# What the task requires:
Retype the entries exactly; omit all pictures.

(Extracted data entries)
□ □ □
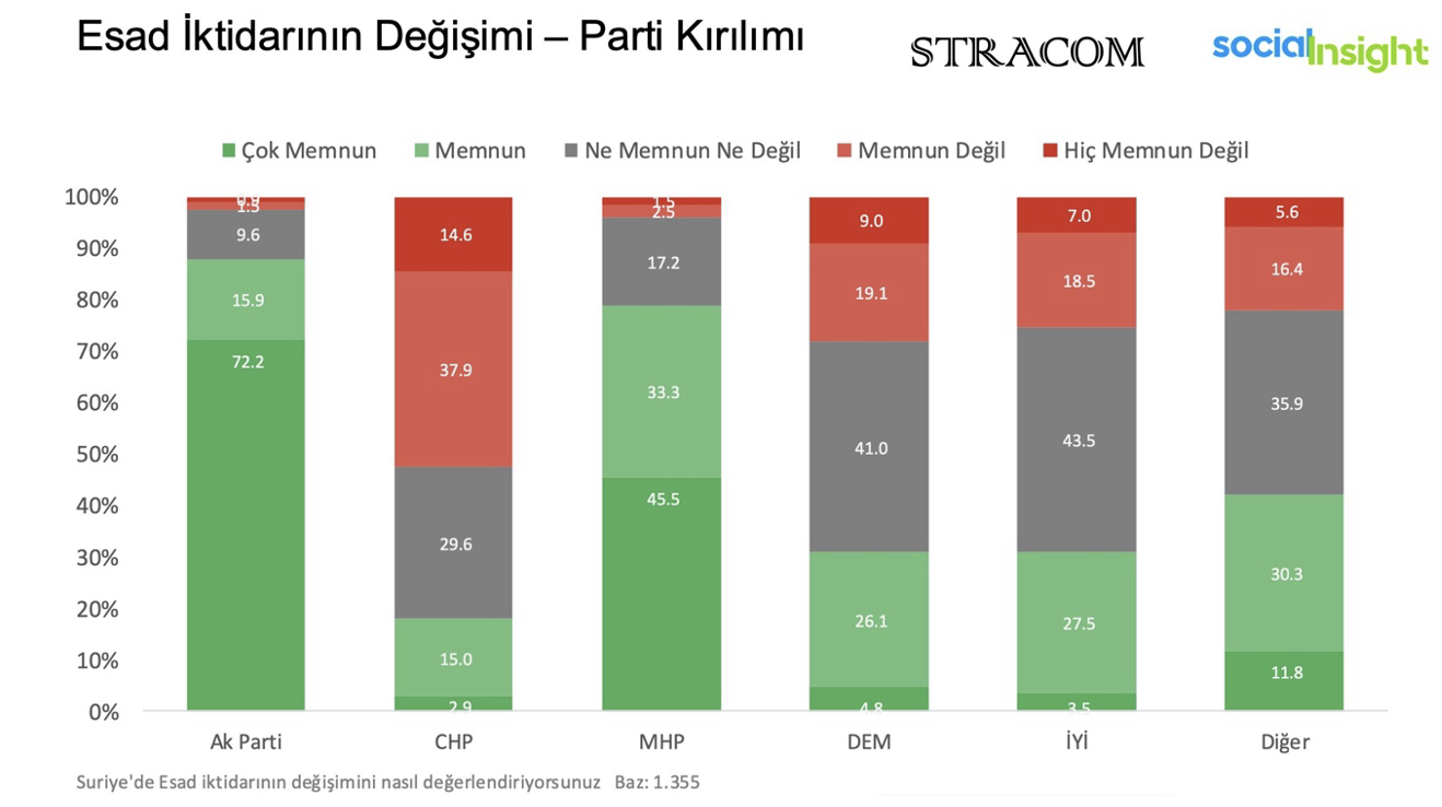 Cumhur İttifakı seçmeni arasında Esad’ın devrilmesine bakış olumlu iken, CHP seçmeninde bu oran düşük kaldı. CHP seçmeninin yüzde 52,5’i Suriye’deki iktidar değişiminden rahatsız olduğunu ifade etti.
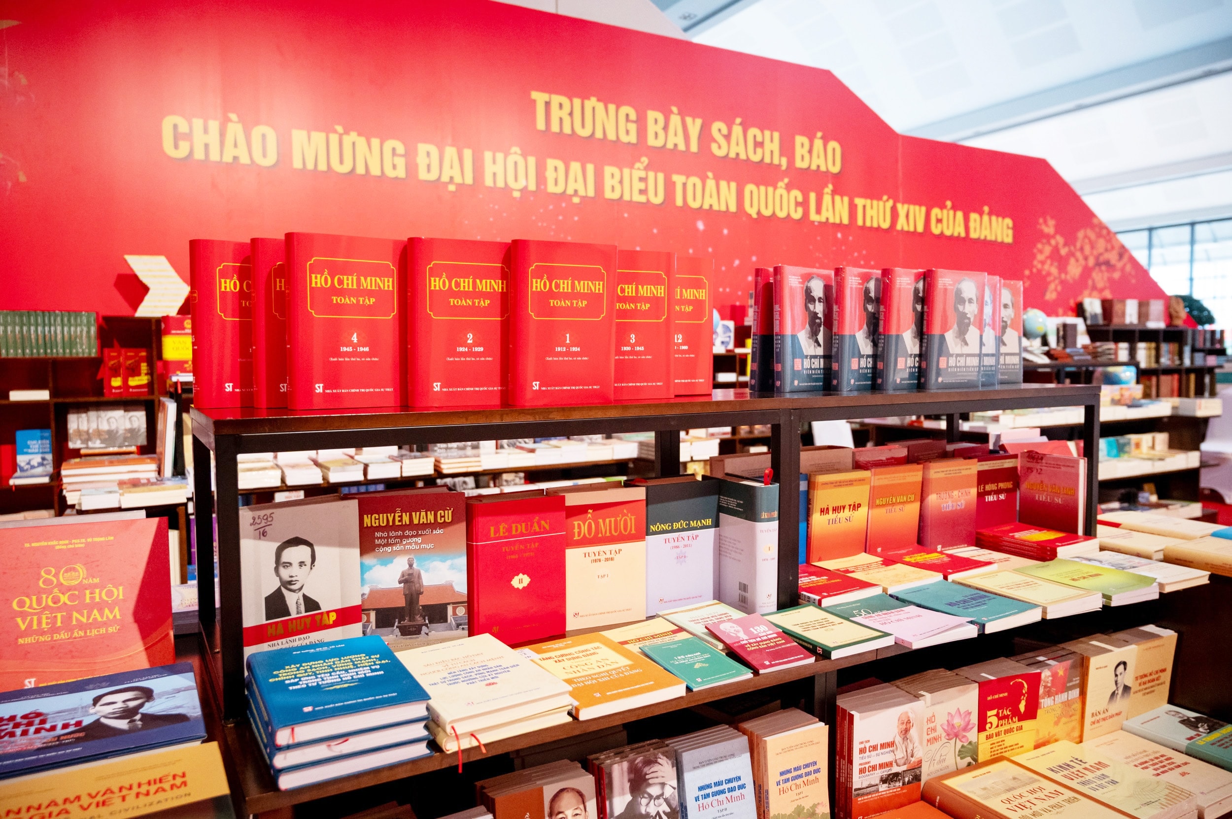 Các ấn phẩm sách, báo trưng bày chào mừng Đại hội XIV của Đảng. Ảnh: Phạm Thắng
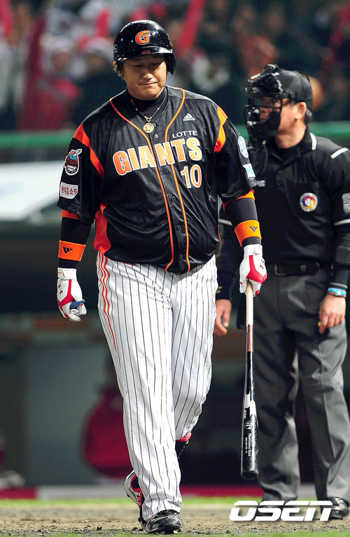 2011 롯데카드 프로야구 플레이오프 SK 와이번스와 롯데 자이언츠의 경기 8회초 무사 1루 이대호가 룩킹 삼진으로 물러나고 있다. 19일 문학구장에서 벌어진 3차전서 SK는 송은범을 롯데는 사도스키를 내새워 한국시리즈로 가는 중요한 일전을 벌인다. 양팀은 1차전서는 연장 접전 끝에 정상호의 홈런을 앞세운 SK가 2차전서는 송승준의 역투와 전준우의 투런 홈런으로 롯데가 승리를 거두어 사이좋게 1승씩을 나누어 가졌다. SK 이만수 감독은 플레이오프 3차전을 앞두고 타순 조정을 통한 필승의지를 다졌다.이 감독은"박정권이 4번, 안치용이 5번, 그리고 최동수가 지명타자로 6번으로 배치 필승의 의지를 다졌다. 롯데 양승호 감독은 '선수들이 많이 성숙해졌다. 1차전서 그렇게 지고 위축될 줄 알았는데 2차전을 승리로 이끌었다'며 선수들을 칭찬 했다. /spjj@osen.co.kr
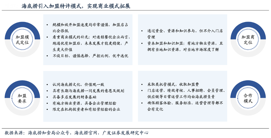 經(jīng)典案例:根據(jù)海底撈知食局公眾號(hào)、海底撈官網(wǎng)、廣發(fā)證券發(fā)展研究中心等綜合資訊表明,海底撈引入加盟特許模式,實(shí)現(xiàn)商業(yè)模式拓展。
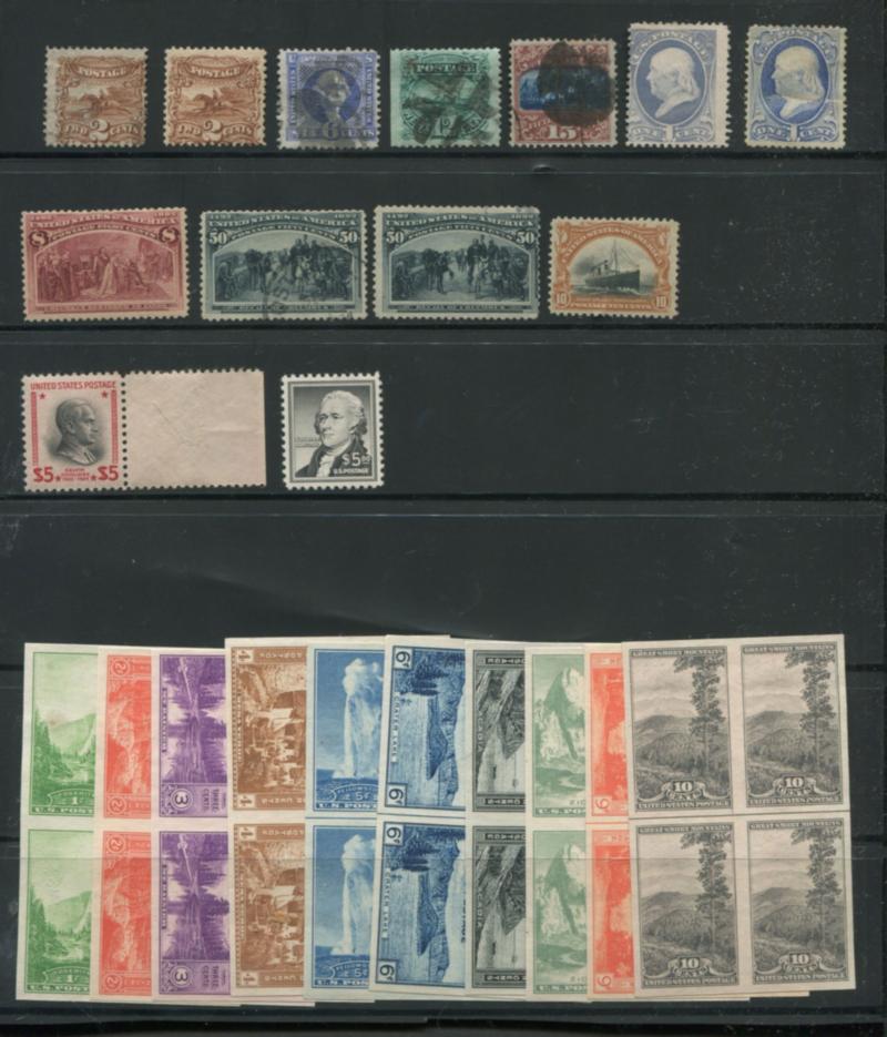 USA 1869-1956 #113/#1053 Mint/Used, neatly laid out on a stock sheet. Includes mint #113 (small gum loss spot at top), #236, #834 (very minor gum loss spot), #1053. Used #113, #115, #117 straight edge at left, #119, #240 (2). Unused NG #156, #156 fault (NC), #299 (creased, NC), #756-#765 blocks of 4 with 5c, 6c, 9c and 10c with lines in between. Total Scott- $1,755. (Image)
□ □ □
# Result:
 Cumhur İttifakı seçmeni arasında Esad’ın devrilmesine bakış olumlu iken, CHP seçmeninde bu oran düşük kaldı. CHP seçmeninin yüzde 52,5’i Suriye’deki iktidar değişiminden rahatsız olduğunu ifade etti.
 Các ấn phẩm sách, báo trưng bày chào mừng Đại hội XIV của Đảng. Ảnh: Phạm Thắng
 2011 롯데카드 프로야구 플레이오프 SK 와이번스와 롯데 자이언츠의 경기 8회초 무사 1루 이대호가 룩킹 삼진으로 물러나고 있다. 19일 문학구장에서 벌어진 3차전서 SK는 송은범을 롯데는 사도스키를 내새워 한국시리즈로 가는 중요한 일전을 벌인다. 양팀은 1차전서는 연장 접전 끝에 정상호의 홈런을 앞세운 SK가 2차전서는 송승준의 역투와 전준우의 투런 홈런으로 롯데가 승리를 거두어 사이좋게 1승씩을 나누어 가졌다. SK 이만수 감독은 플레이오프 3차전을 앞두고 타순 조정을 통한 필승의지를 다졌다.이 감독은"박정권이 4번, 안치용이 5번, 그리고 최동수가 지명타자로 6번으로 배치 필승의 의지를 다졌다. 롯데 양승호 감독은 '선수들이 많이 성숙해졌다. 1차전서 그렇게 지고 위축될 줄 알았는데 2차전을 승리로 이끌었다'며 선수들을 칭찬 했다. /spjj@osen.co.kr
 經(jīng)典案例:根據(jù)海底撈知食局公眾號(hào)、海底撈官網(wǎng)、廣發(fā)證券發(fā)展研究中心等綜合資訊表明,海底撈引入加盟特許模式,實(shí)現(xiàn)商業(yè)模式拓展。
 USA 1869-1956 #113/#1053 Mint/Used, neatly laid out on a stock sheet. Includes mint #113 (small gum loss spot at top), #236, #834 (very minor gum loss spot), #1053. Used #113, #115, #117 straight edge at left, #119, #240 (2). Unused NG #156, #156 fault (NC), #299 (creased, NC), #756-#765 blocks of 4 with 5c, 6c, 9c and 10c with lines in between. Total Scott- $1,755. (Image)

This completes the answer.